# Running Llama2 on your Mac with `llama.cpp`/`llama-cpp-python`

In my [previous notebook](https://github.com/chrwittm/lm-hackers/blob/main/20-local-llama-on-mac/10-running-llama2-on-mac1-hf.ipynb), I ran a llama2 model on Hugging Face which turned out to be quite slow. In this notebook, let's explore [llama.cpp](https://github.com/ggerganov/llama.cpp).

The goal of this notebook is to run a local Llama2 model and implement a simple chat functionality to have a conversation with Llama2.

## What is `llama.cpp`?

[`Llama.cpp`](https://github.com/ggerganov/llama.cpp) is an optimized library to run a Large Language Model (LLM) like Llama2 on a Mac, but it also supports other platforms. How is this possible. For the details, please let me refer to this [tweet by Andrej Karpathy](https://twitter.com/karpathy/status/1691844860599492721) and for even more details to this [blog post by Finbarr Timbers](https://finbarr.ca/how-is-llama-cpp-possible/). Here are my takeaways:

- [`Llama.cpp`](https://github.com/ggerganov/llama.cpp) runs inference of LLMs in pure C/C++, therefore, it is significantly faster than implementations in higher languages like python.
- Additionally, [the mission](https://github.com/ggerganov/llama.cpp?tab=readme-ov-file#description) of the project  _"is to run the LLaMA model using 4-bit integer quantization on a MacBook"_. This means that numbers used to represent model weights and activations downsized from 32- or 16- bit floating points (the format of the base models) with 4-bit integers. This reduces memory usage and improves the performance and efficiency of the model during inference. The somewhat surprising thing is that model performance does not degrade by this downsizing.
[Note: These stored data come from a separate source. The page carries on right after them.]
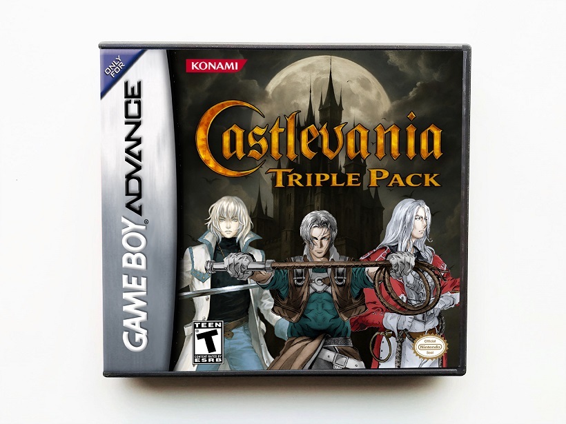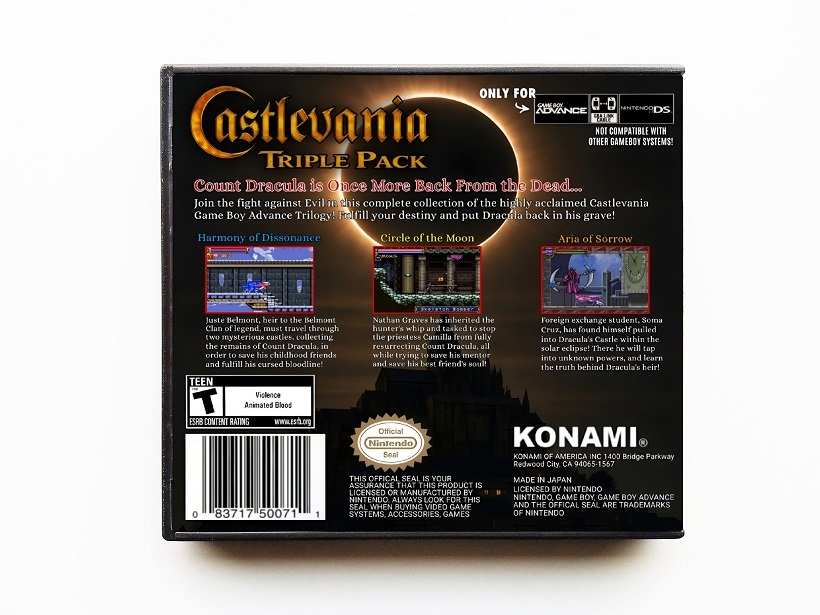 Game Description Castlevania Triple Pack is a custom multicartridge of all 3 Castlevania GBA games on one cartridge: Circle of the Moon, Harmony of Dissonance, and Aria of Sorrow. Save function works using flash memory without using a battery backup.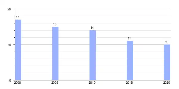 Gráfica de evolución demográfica de Ribas de Miño entre 2000 y 2020 |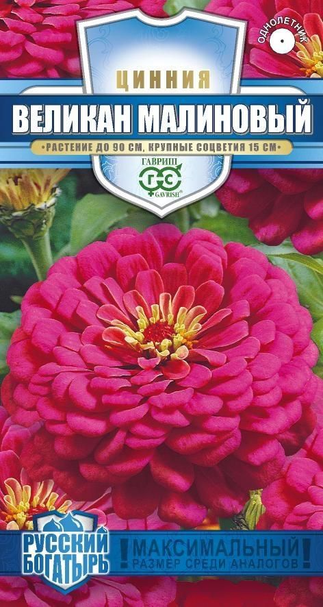 Цинния Великан Малиновый серия Русский Богатырь 0,3 г (Гавриш) Р.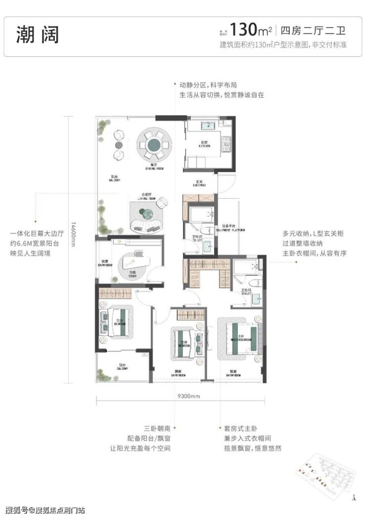 建筑面积约130㎡打造全明大四房,三卧朝南,配以270°巨幕边厅,造极“全面屏”环景视野。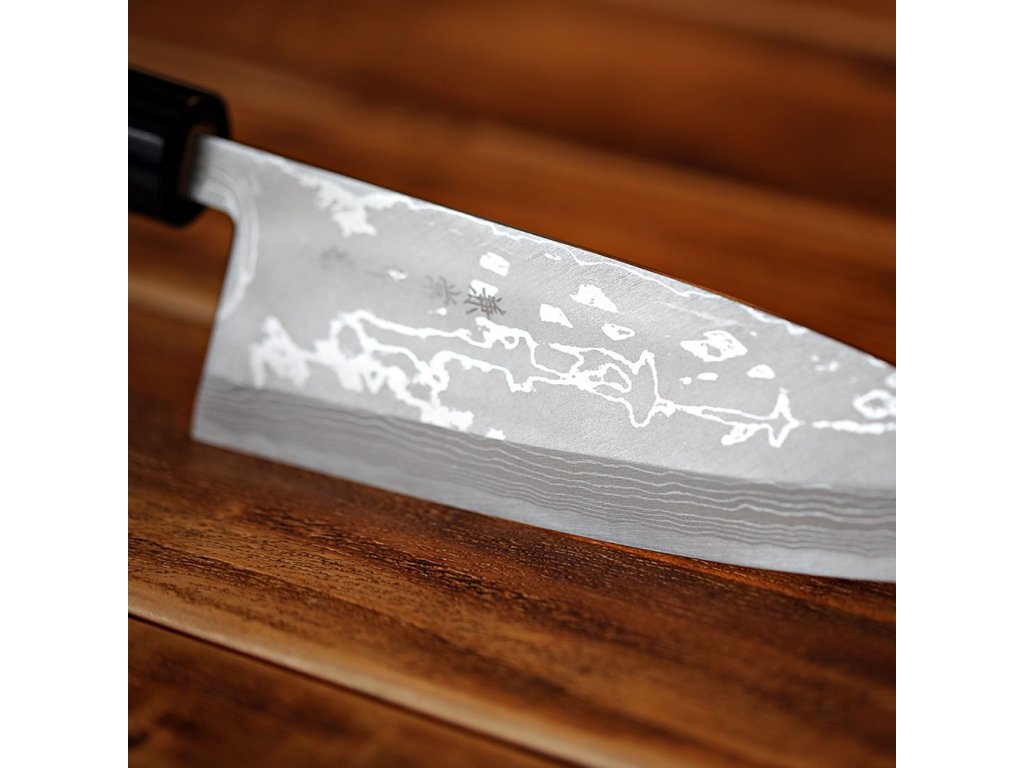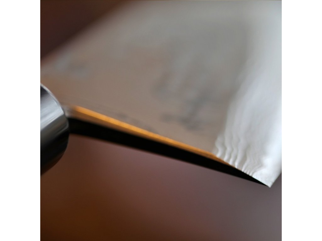 Jádro čepele těchto nožů je kované z vysoce uhlíkové oceli White Steel #2. Tato ocel díky tomu, že je legovaná chromem a wolframem, má vynikající retenci ostří a odolnost. Je velmi oblíbená u japonských výrobců nožů. Tvrdost nože je 60-61 HRC. Nádherná damašková čepel je složená z 11 vrstev a mimořádně ostrého řezného jádra. Čepel je osazena tradiční japonskou rukojetí ve tvaru písmene „D“ z červeného santalového dřeva, bolster je z černého dřeva Plywood.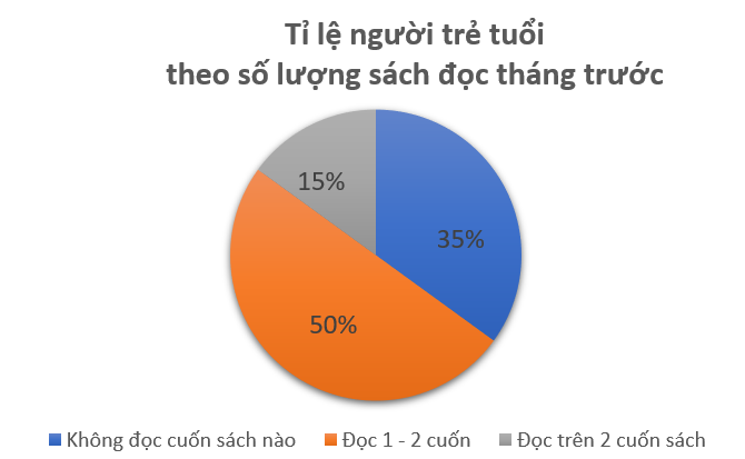 a. Vì ta muốn biểu diễn tỉ lệ người trẻ tuổi theo số lượng sách đã đọc tháng trước so với tổng sổ người trẻ tuổi được hỏi nên ta dùng biểu đồ hình quạt tròn.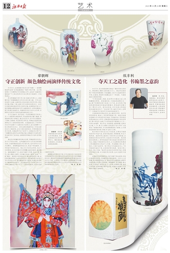 通过色彩斑斓的颜色釉去诠释,用陶瓷特有的语言艺术与手段去渲染。这种超越东西方文化差异的情感交流,让他的陶瓷绘画艺术打破传统,走向世界文化艺术的舞台。章朝辉偏爱传统文化,热衷于传统题材,尤其热爱中国戏曲文化。他认为艺术家关注传统、关注文化的源流,是关注民族文化的精髓,越是民族的,越有魅力。他绘画题材广泛,涉及古建筑与风景、戏曲人物、现代人物、佛教人物等,尤其擅长戏曲人物和“老房”“大院”题材。他深挖中国戏曲文化,通过表现戏曲人物,如《贵妃醉酒》《杨门女将》系列作品,用民族的符号表现中华优秀传统文化,通过陶瓷传承与创造,传递出较高的艺术精神和生命意义。其创造性的艺术表现力和艺术风格在陶瓷艺术界产生了广泛深刻的影响,尤其是戏曲人物享誉世界。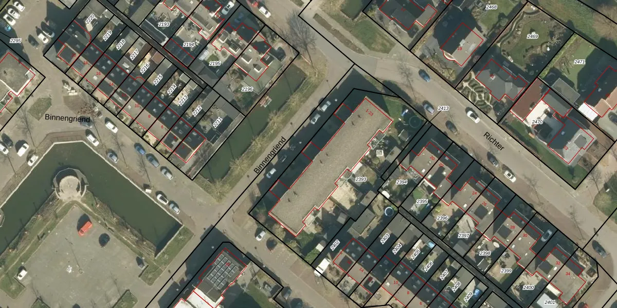 Het perceel waarop Binnengriend 13 staat heeft een oppervlakte van 1530 m². Dit is een zeer groot perceel. De perceeloppervlakte wordt geregistreerd door het Kadaster. Gedetailleerde informatie over de maten van dit perceel kunt u vinden in het rapport Kadastrale kaart met maatvoering van Binnengriend 13.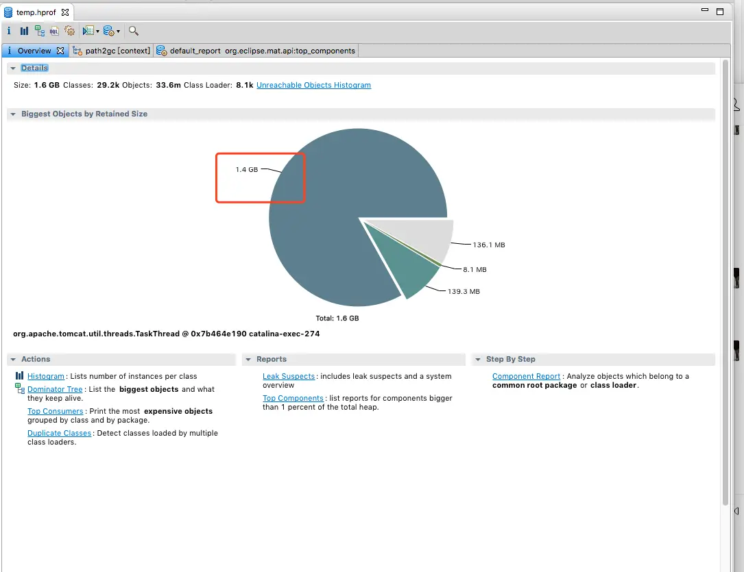 通过mat工具对dump文件进行分析,调查是什么请求占用了大内存: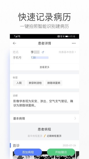 快速便捷记病历,支持多媒体图文语音视频记录。病人的病历、影像、检查结果,个人分析全部放在一起,无需费力整理。随时随地便捷查询,轻松转交与分享病历。是与同行进行病历讨论分享,教学讲课与随访病人时的得力助手。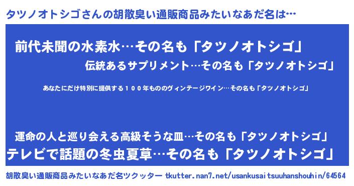 | 意味不明あだ名 | 『住所不定無職タツノオトシゴ(12歳)』 |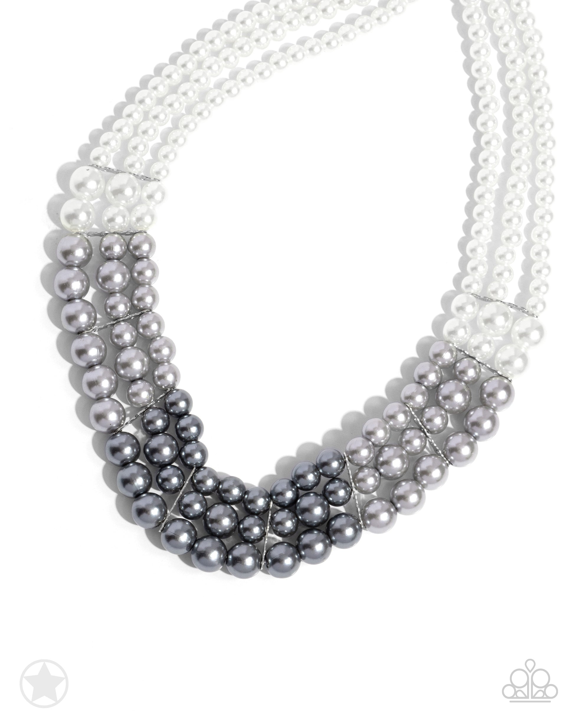 Strands of white, silver, and dark gray pearls elegantly drape below the collar, creating a beautiful ombre effect. Sectioned by silver accents, the luminescent pearls radiantly fall into a glamorous cascade. Features an adjustable clasp closure.

## How You Can Use llama.cpp from Python

The project [`llama-cpp-python`](https://github.com/abetlen/llama-cpp-python) serves as a binding for [`llama.cpp`](https://github.com/ggerganov/llama.cpp), providing access to the C++ API to Llama2 from Python.

In this context, a "[binding](https://en.wikipedia.org/wiki/Language_binding)" is a bridge that facilitates interaction between two programming languages, i.e. a layer of code that allows two programming languages to interact with each other. [`Llama.cpp`](https://github.com/ggerganov/llama.cpp) is written in C/C++, and the [`llama-cpp-python`](https://github.com/abetlen/llama-cpp-python) binding allows this C/C++ library to be utilized within a Python environment. Essentially, the Python code wraps around the C/C++ code so that it can be called from a Python environment.

To gain more insight into how the binding works and how C/C++ is called from Python, check out [llama_cpp/llama_cpp.py](https://github.com/abetlen/llama-cpp-python/blob/main/llama_cpp/llama_cpp.py) which uses the Python library `ctypes` that provides C compatible data types and allows calling functions in DLLs or shared libraries. Look for the following: 

- **Data type conversion**: Data types from the `ctypes` library are imported and used to represent Python variables in a C/C++-compatible way.  
- **Loading shared libraries**: The method `ctypes.CDLL` is used to load shared libraries which contain the C/C++ code.
- **Direct calls to C/C++**: Methods from shared library which has been loaded are called.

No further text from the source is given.